For a detailed description of the Number Talk procedure, please refer to the Number Talk Explanation. For this Number Talk, I am encouraging students to represent their thinking using a number line model. For each task today, students shared their strategies with peers (sometimes within their group, sometimes with someone across the room). It was great to see students inspiring others to try new methods and it was equally as great to see students examining each other work for possible mistakes!

**Getting Started**

Prior to the lesson, I placed magnetic money and fractions on the board to help students conceptualize our number talk today.

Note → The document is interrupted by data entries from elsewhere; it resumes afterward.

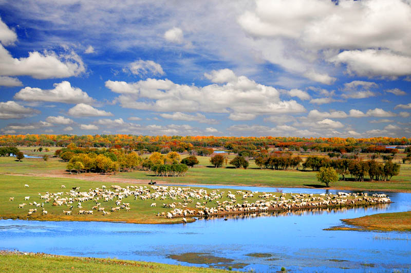 沿途欣赏老舍笔下的天下第一曲水——【莫日格勒河】,成群的牛羊点点绽放,点缀在牧野间,仿佛一幅油画。享受的风景在路上【越野车穿越草原腹地】,这里有草原最秀美的风景,马群、羊群、就在你周围吃草、漫步,蓝天的白云在你头顶飘过;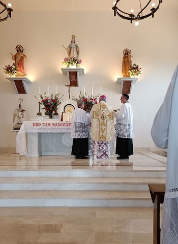 Una vez bendecido el nuevo templo, entraron los fieles en él para asistir a la primera Misa que se oficiaba en el mismo. La Santa Misa prelaticia fue celebrada por el mismo Sr. Obispo, al que asistieron el P. José Calvín, de la Fraternidad de San Pedro, y D. Gabriel Manzanares, capellán del mismo monasterio. Asistieron al acto varios sacerdotes y un numeroso grupo de fieles que llenaba la nueva iglesia, entre ellos una nutrida representación de nuestra asociación «Una Voce Córdoba» y varios miembros de la asociación hermana «Una Voce Sevilla». Se celebró Misa de Santa María Reina, a la que está dedicada la nueva iglesia.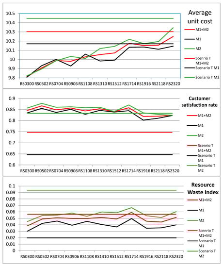Table 6. Values in green represent significant improvement, whereas values in yellow show that there was either no significant improvement or there was a significant decline. For M1, compared to scenario T, lead time and customer satisfaction indices were improved in all generated RS scenarios. The resource waste index increased in all RS scenarios due to the decrease of facility utilization as M1 is always overloaded in scenario T. For M2, the average unit cost and resource waste index were significantly improved in all generated scenarios (except RS2320), but the RS mechanism did not perform as well as M1 in terms of lead time and the customer satisfaction index. For the whole cluster, significant improvements were obtained in all scenarios (except RS2320) in terms of the four sustainable production KPIs. Therefore, the RS mechanism is really helpful for the whole industry cluster.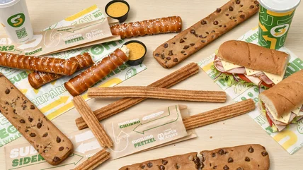 With brief sneak peeks in 2022 and 2023, the Footlong Cookie, described as thick and gooey with loads of chocolate chips, finally takes a permanent slot on nationwide menus at a $5 price point. The Cinnabon Footlong Churro enters at $2 and features the exclusive Makara cinnamon grown in Indonesia, an ingredient that also appears in Cinnabon's beloved cinnamon rolls. The third newbie is the Auntie Anne's Footlong Pretzel for $3, a new incarnation of its classic pretzel, now served with Subway's Honey Mustard for dipping.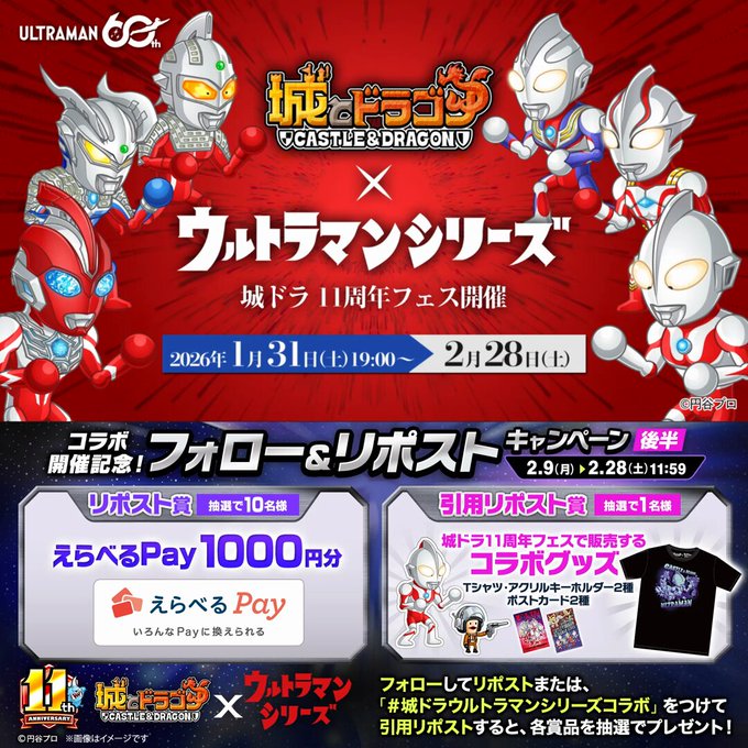 ●引用RP(#城ドラウルトラマンシリーズコラボ をつけて)で「城ドラ11周年フェスで販売するコラボグッズ」を1名様🎁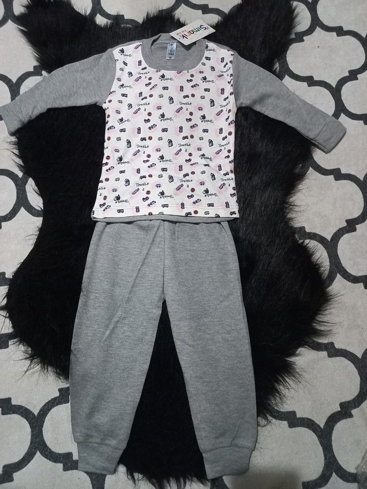 Kız çocukları için uzun kollu, bisiklet yakalı ve baskılı üst kısmı yumuşak örme dokulu pijama takımı. Alt kısmı sade gri ve rahat kesimlidir. ️

I invited students to join me on the front carpet with their number lines. I then drew a number line on the board and marked 0, 1, and 2 on the line. I asked students to do the same on their own number lines.

**Tasks**

Next, I gave students each of the following numbers and asked students to identify where each number would be located on the line. After students had time to place each number, I asked students to turn and talk about their thinking. I also asked for a student volunteer to explain to the class where the number would be placed and why:

- $1.00
- $2.00
- $0.50
- $1.50
- $0.10 (At this point, I showed students how to divide the number line between 0 and 1 whole into 10 equal parts.)
- $0.70
- $1.20
- $1.80
- 10/10
- If one whole is 10/10, then where is 20/10?
- 5/10
- 1/10
- How many tenths would equal $0.70?
- How many tenths would equal $1.20?
- How many tenths would equal $1.50?
- How many tenths would equal $1.80?

Here's what our number line looked like when finished: Class Number Line and here are a couple student examples: Student A and Student B.

**Conversation**

Throughout this number talk, I encouraged students to observe and share patterns. Here's a student who noticed the connection between 0.10 and 1/10: Noticing Patterns.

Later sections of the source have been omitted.